**Task instructions:**
Nothing but the lines below from the one containing "CARNILOVE JERKY Duck" through the one containing "เมื่อวันที่ 29 ก.ย.64" should appear in the answer, exact and without pictures.

----------

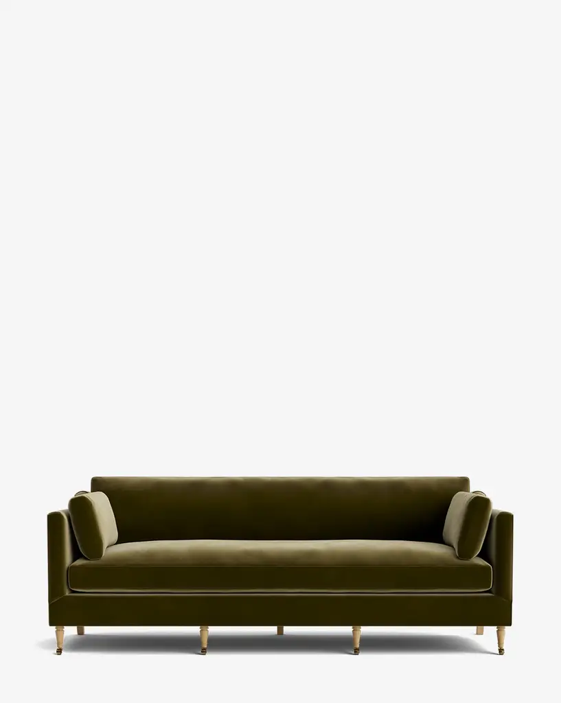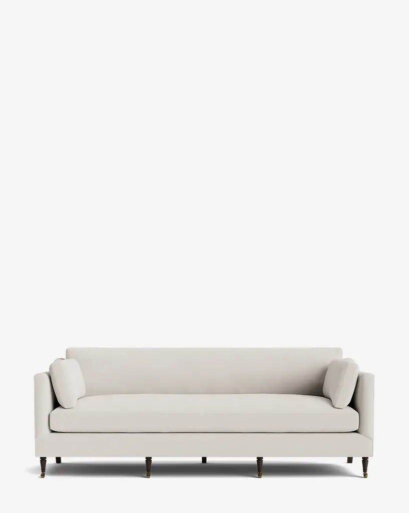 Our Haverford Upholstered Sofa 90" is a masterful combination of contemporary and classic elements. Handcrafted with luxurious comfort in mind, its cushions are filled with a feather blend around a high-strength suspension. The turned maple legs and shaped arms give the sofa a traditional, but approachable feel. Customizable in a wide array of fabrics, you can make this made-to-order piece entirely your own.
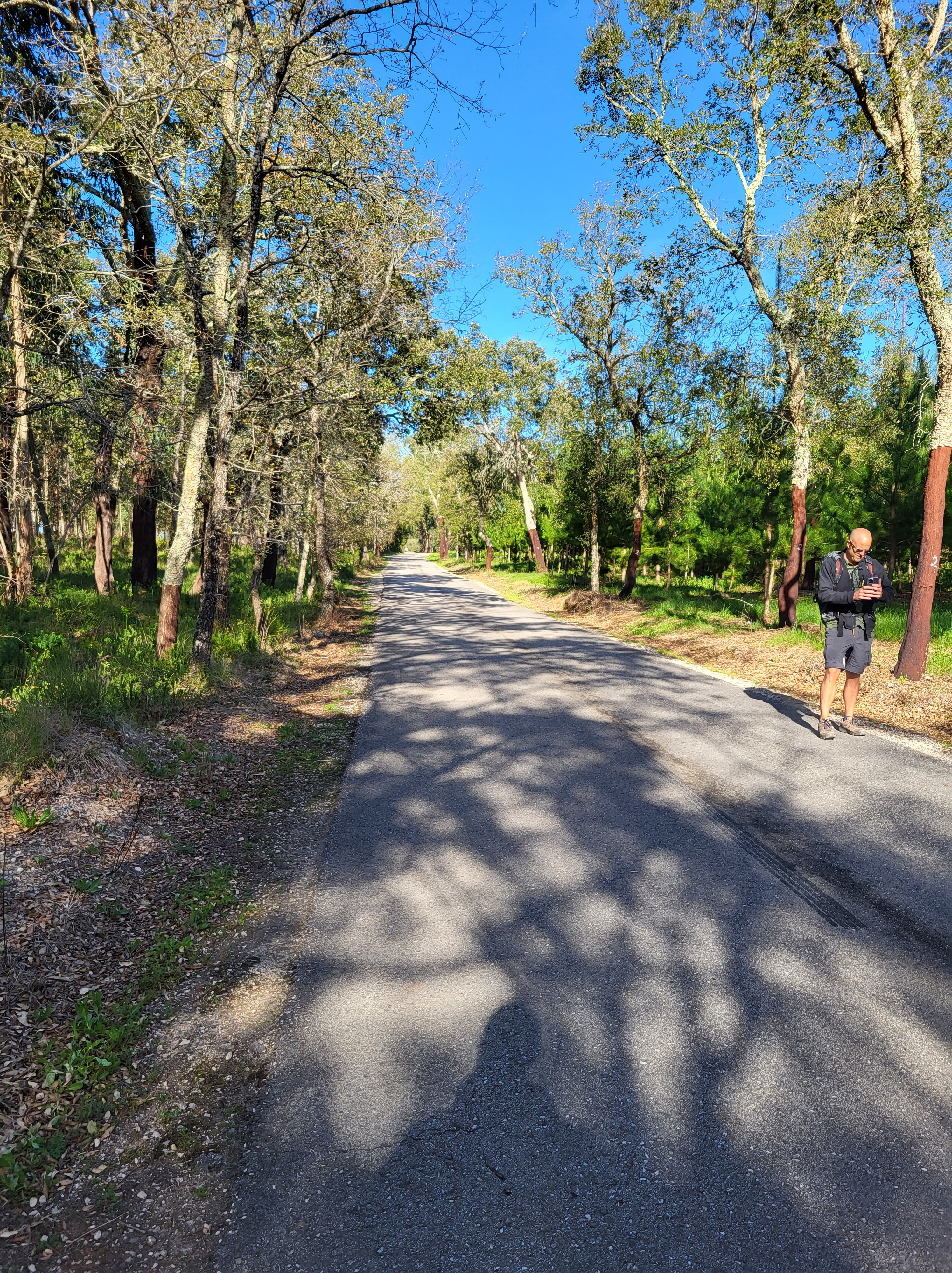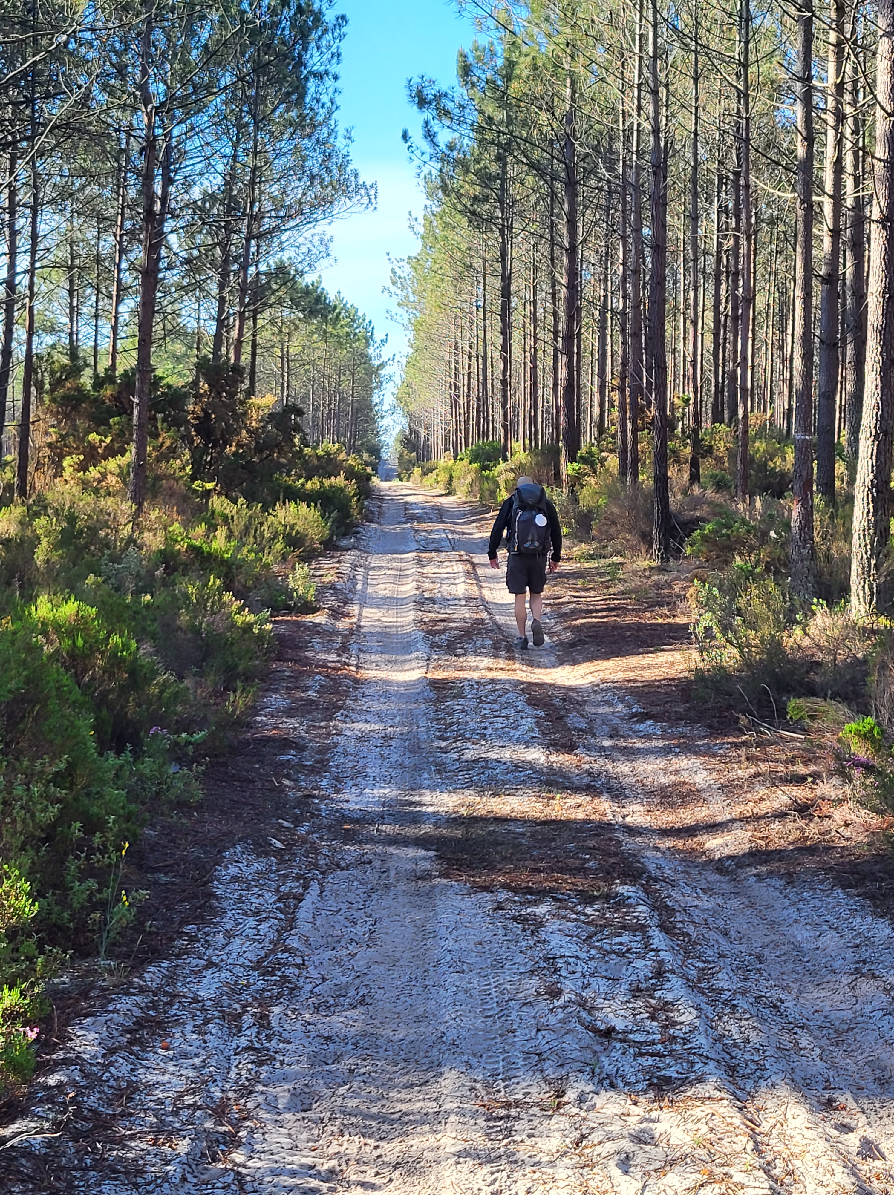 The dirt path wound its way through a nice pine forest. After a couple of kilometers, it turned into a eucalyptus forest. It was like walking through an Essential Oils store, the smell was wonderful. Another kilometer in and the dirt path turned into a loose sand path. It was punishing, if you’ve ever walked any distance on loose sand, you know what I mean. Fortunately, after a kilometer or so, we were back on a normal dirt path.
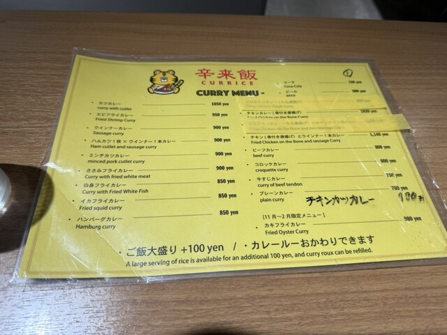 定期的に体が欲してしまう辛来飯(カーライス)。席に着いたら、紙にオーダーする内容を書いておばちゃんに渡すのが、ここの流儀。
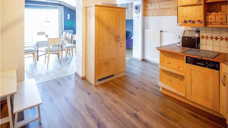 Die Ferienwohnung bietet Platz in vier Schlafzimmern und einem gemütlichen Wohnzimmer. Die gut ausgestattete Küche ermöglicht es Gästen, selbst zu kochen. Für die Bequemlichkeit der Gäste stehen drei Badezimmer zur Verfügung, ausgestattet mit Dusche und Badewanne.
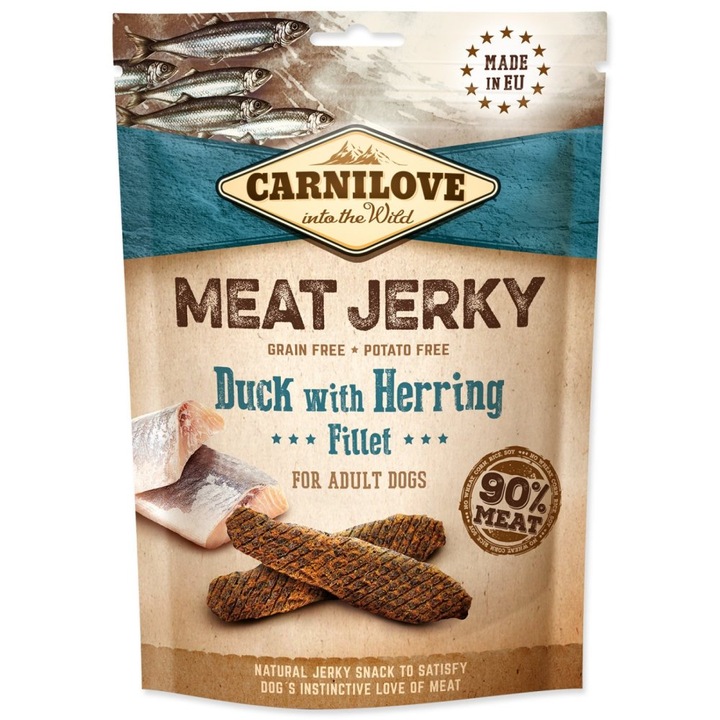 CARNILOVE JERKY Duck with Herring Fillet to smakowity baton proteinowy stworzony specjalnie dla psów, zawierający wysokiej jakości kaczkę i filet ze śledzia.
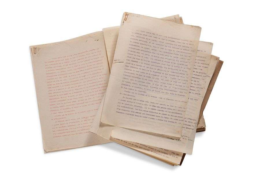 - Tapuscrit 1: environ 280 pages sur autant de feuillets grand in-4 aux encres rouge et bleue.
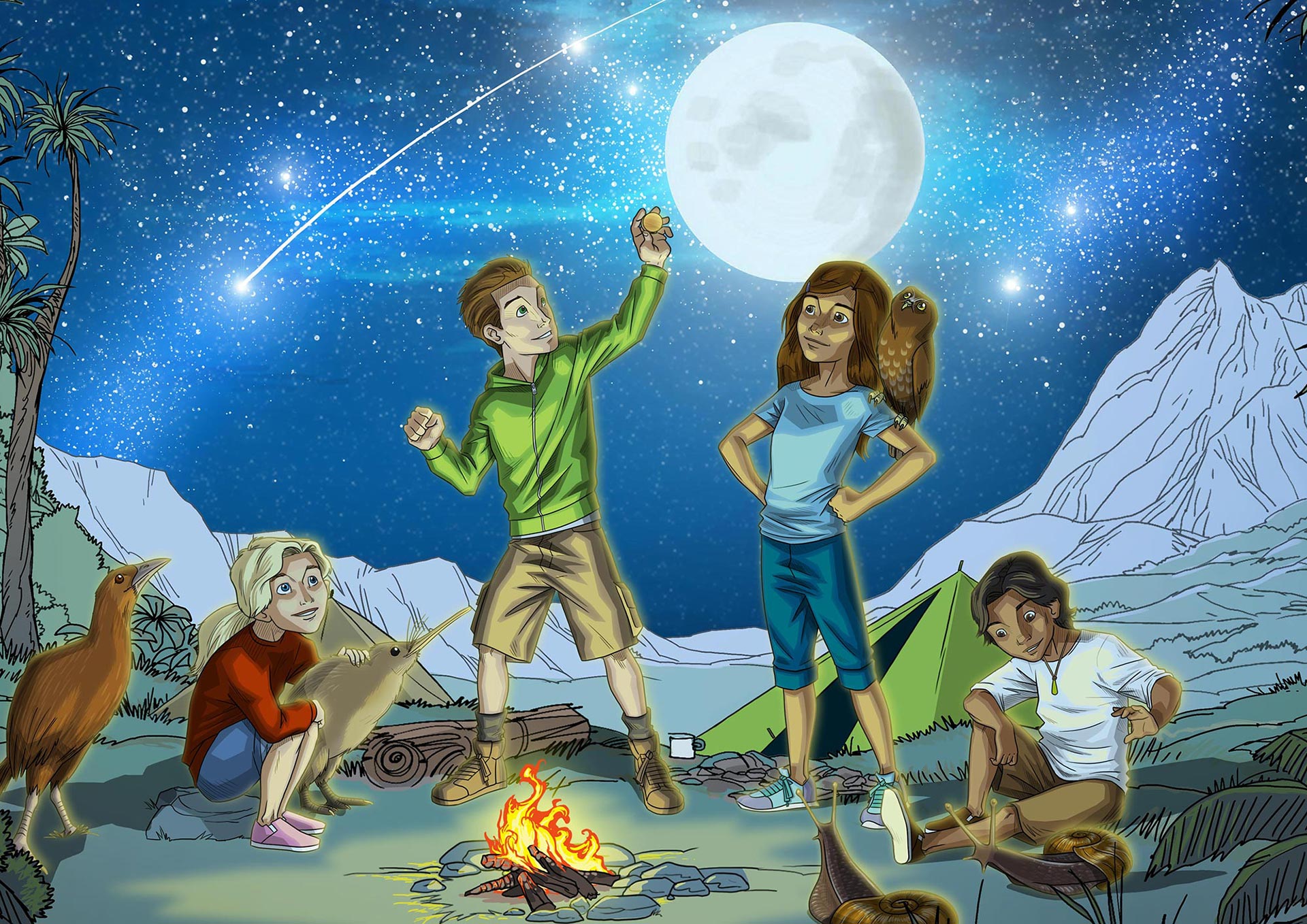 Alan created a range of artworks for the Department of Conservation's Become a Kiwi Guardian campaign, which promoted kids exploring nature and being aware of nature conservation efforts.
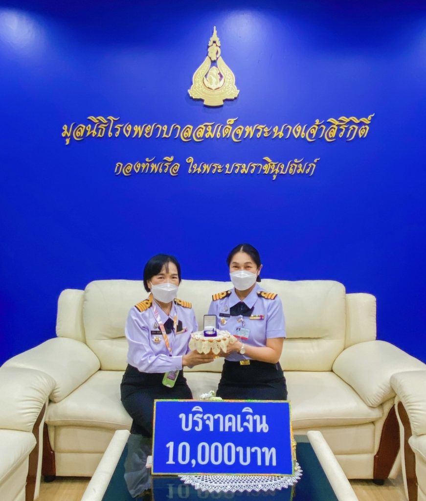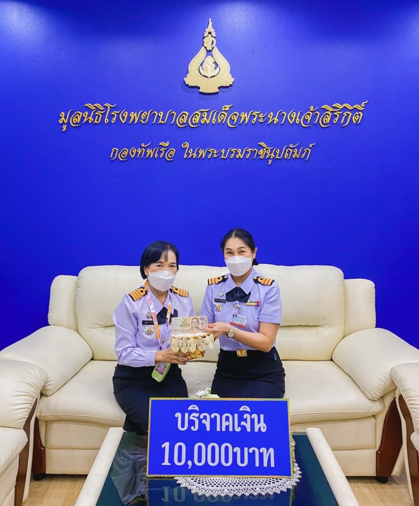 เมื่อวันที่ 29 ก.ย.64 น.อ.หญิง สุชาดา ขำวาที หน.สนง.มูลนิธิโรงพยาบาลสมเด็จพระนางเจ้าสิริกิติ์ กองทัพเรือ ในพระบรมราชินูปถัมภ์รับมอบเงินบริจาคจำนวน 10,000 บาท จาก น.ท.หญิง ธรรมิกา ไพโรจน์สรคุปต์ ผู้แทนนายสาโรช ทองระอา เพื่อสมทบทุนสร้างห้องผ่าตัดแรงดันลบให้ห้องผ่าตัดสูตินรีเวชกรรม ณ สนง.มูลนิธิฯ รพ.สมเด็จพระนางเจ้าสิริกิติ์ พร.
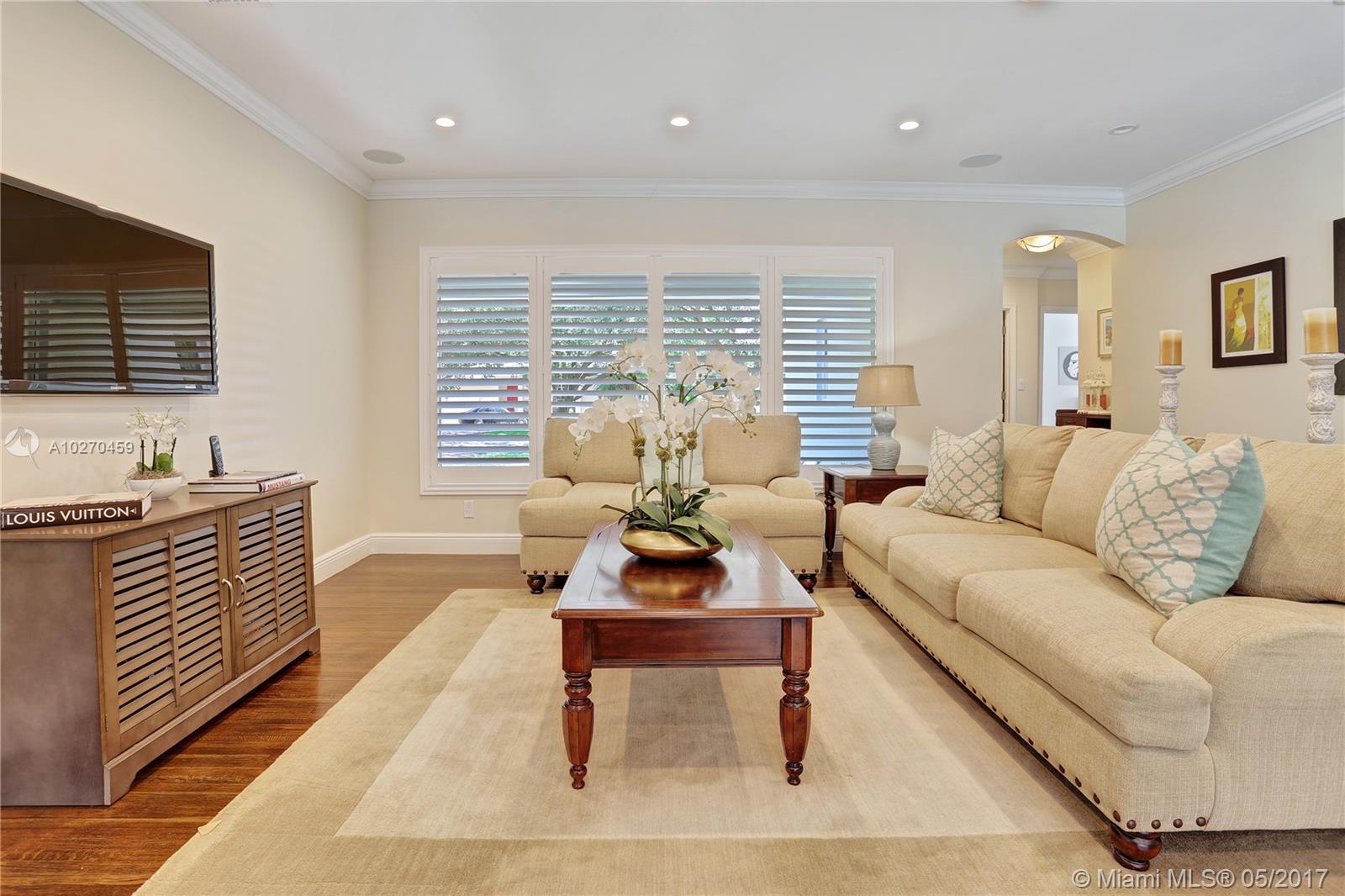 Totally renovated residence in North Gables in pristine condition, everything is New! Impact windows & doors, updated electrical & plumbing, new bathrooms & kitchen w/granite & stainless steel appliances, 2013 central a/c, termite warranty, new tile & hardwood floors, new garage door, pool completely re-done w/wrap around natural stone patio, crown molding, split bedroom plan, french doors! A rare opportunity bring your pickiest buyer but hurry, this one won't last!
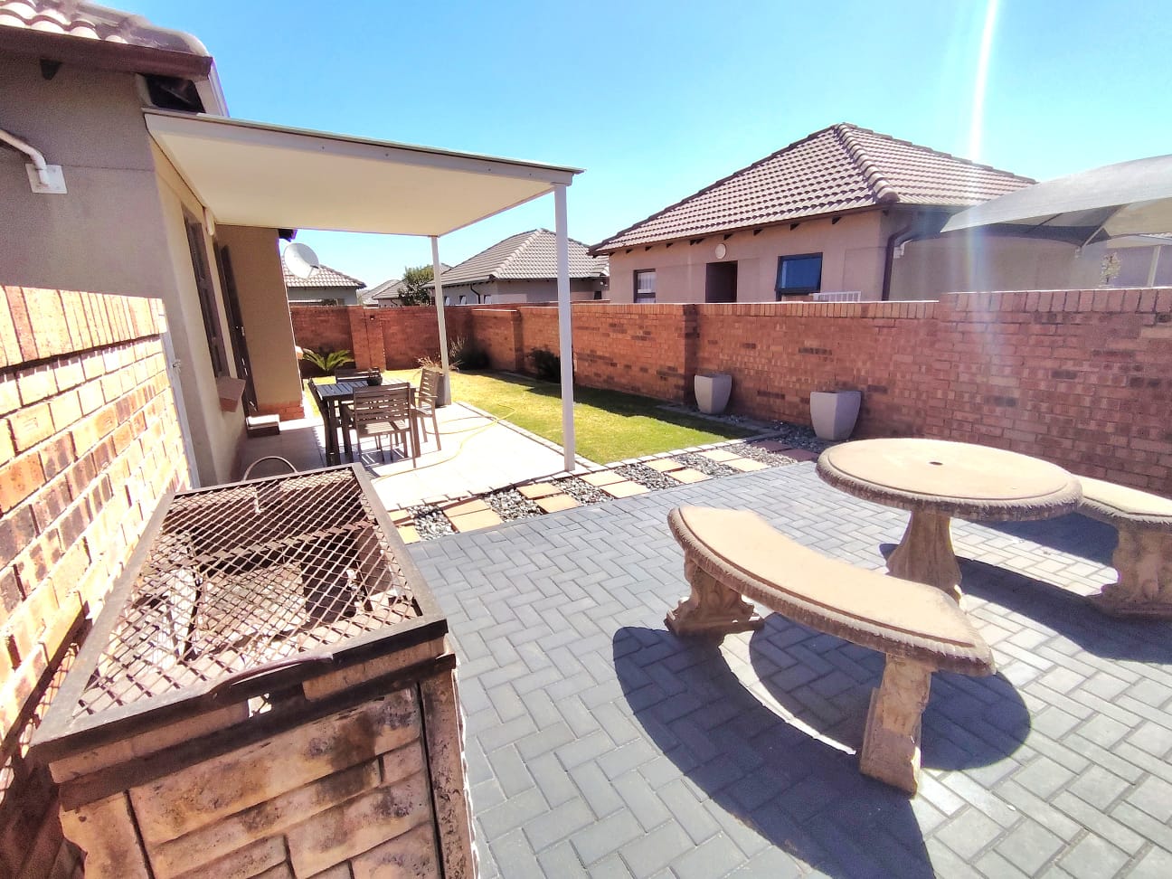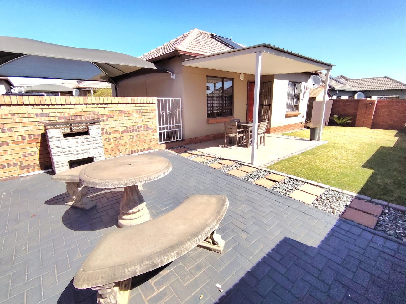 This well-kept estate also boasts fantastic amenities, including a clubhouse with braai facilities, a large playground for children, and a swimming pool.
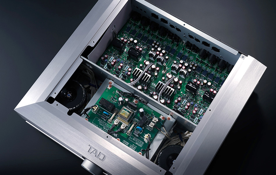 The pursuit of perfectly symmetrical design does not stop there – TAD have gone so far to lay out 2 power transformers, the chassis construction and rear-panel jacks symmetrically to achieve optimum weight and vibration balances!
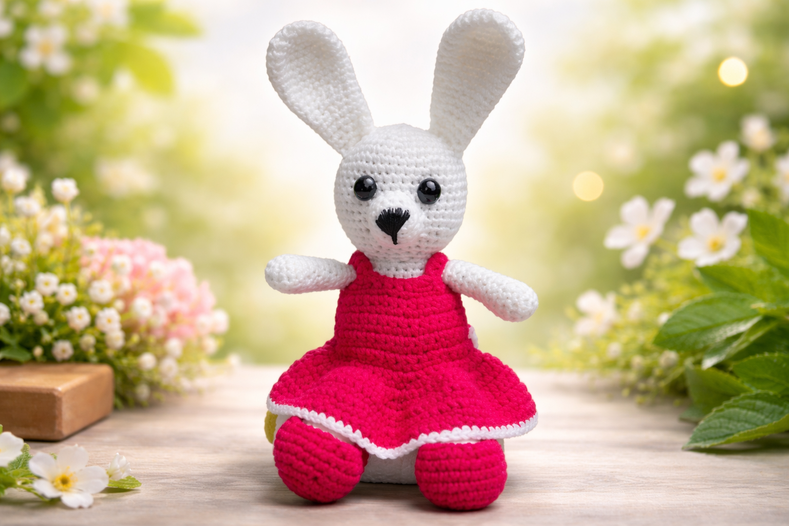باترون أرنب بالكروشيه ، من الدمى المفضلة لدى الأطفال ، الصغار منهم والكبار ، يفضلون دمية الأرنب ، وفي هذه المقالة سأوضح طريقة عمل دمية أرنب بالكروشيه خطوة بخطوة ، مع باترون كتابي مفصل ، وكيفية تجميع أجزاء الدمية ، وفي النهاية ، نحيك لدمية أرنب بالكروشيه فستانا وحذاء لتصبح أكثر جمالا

----------

**Result below:**
 CARNILOVE JERKY Duck with Herring Fillet to smakowity baton proteinowy stworzony specjalnie dla psów, zawierający wysokiej jakości kaczkę i filet ze śledzia.
 - Tapuscrit 1: environ 280 pages sur autant de feuillets grand in-4 aux encres rouge et bleue.
 Alan created a range of artworks for the Department of Conservation's Become a Kiwi Guardian campaign, which promoted kids exploring nature and being aware of nature conservation efforts.
 เมื่อวันที่ 29 ก.ย.64 น.อ.หญิง สุชาดา ขำวาที หน.สนง.มูลนิธิโรงพยาบาลสมเด็จพระนางเจ้าสิริกิติ์ กองทัพเรือ ในพระบรมราชินูปถัมภ์รับมอบเงินบริจาคจำนวน 10,000 บาท จาก น.ท.หญิง ธรรมิกา ไพโรจน์สรคุปต์ ผู้แทนนายสาโรช ทองระอา เพื่อสมทบทุนสร้างห้องผ่าตัดแรงดันลบให้ห้องผ่าตัดสูตินรีเวชกรรม ณ สนง.มูลนิธิฯ รพ.สมเด็จพระนางเจ้าสิริกิติ์ พร.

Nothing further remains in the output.